2. Literature Review

2.1. Why Multimodal Sensing? Examples from Educational Research

Recently, data collection and analysis of multimodal data has become accessible and popular among social scientists. In educational research, the field of Multimodal Learning Analytics (MMLA) has helped researchers understand and model complex learning processes generally overlooked by traditional approaches. In this section, we provide examples showing how MMLA has been used to support research, teaching, and augment traditional learning environments.

MMLA has helped educational researchers reach new insights when analyzing multimodal data collected from learners.

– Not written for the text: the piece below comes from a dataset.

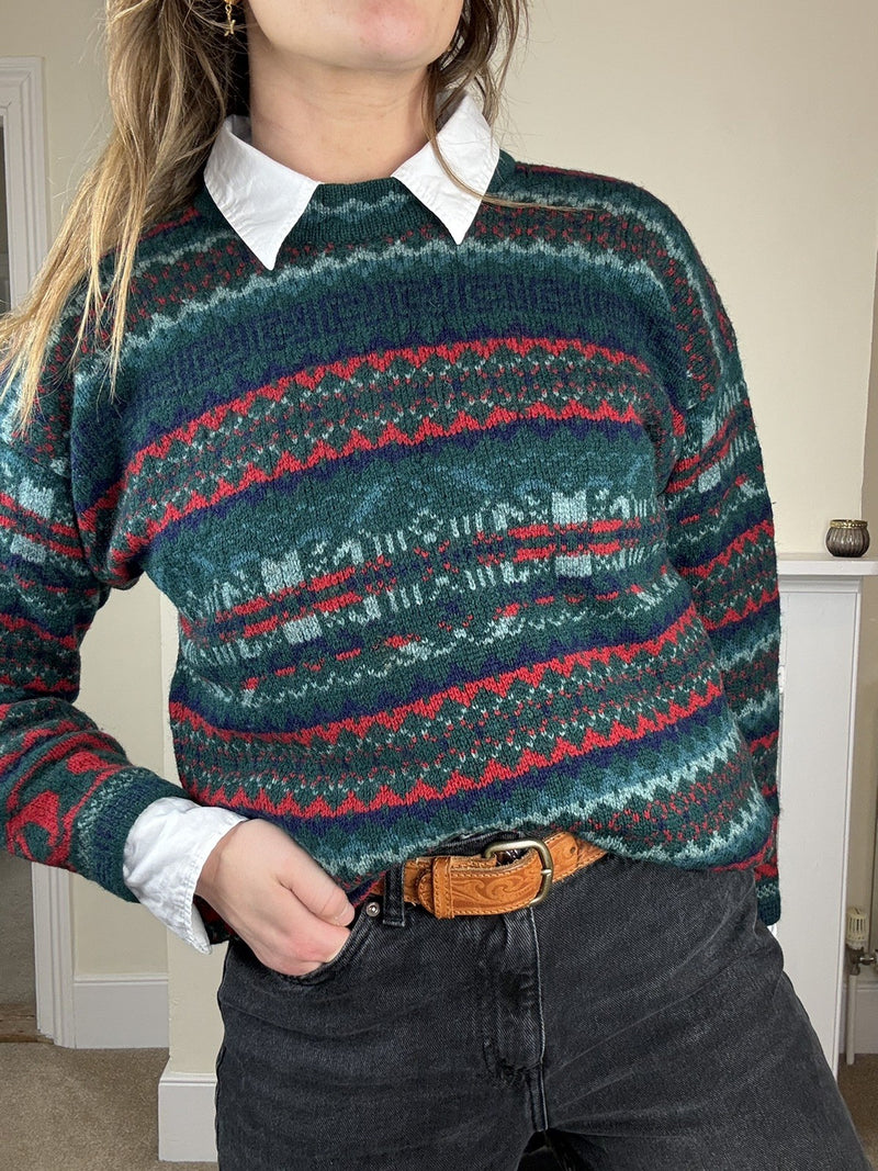 Vintage Size M 8-12 Green Patterned Pure Lambswool Knit Jumper Edinburgh

Motion data of students engaged in classroom activities can significantly predict learning outcomes [7]; linguistic, textual and speech data can provide useful information about students’ level of expertise [8]); and affective data has been correlated with students’ performance on standardized tests [9]. From a practical perspective, these insights can be used by educators to inform their teaching practices and personalize instruction. For example, gaze data can be used to enhance Interactive Tutoring Systems (ITS [10]). MMLA also has the potential to make statistics and data mining more accessible to non-technical students. Schneider, Reilly, & Radu [11] used multimodal sensors to teach MMLA concepts to educators and practitioners. Their findings suggest that multimodal data can create more engaging, relevant, hands-on learning activities compared to traditional data analysis courses.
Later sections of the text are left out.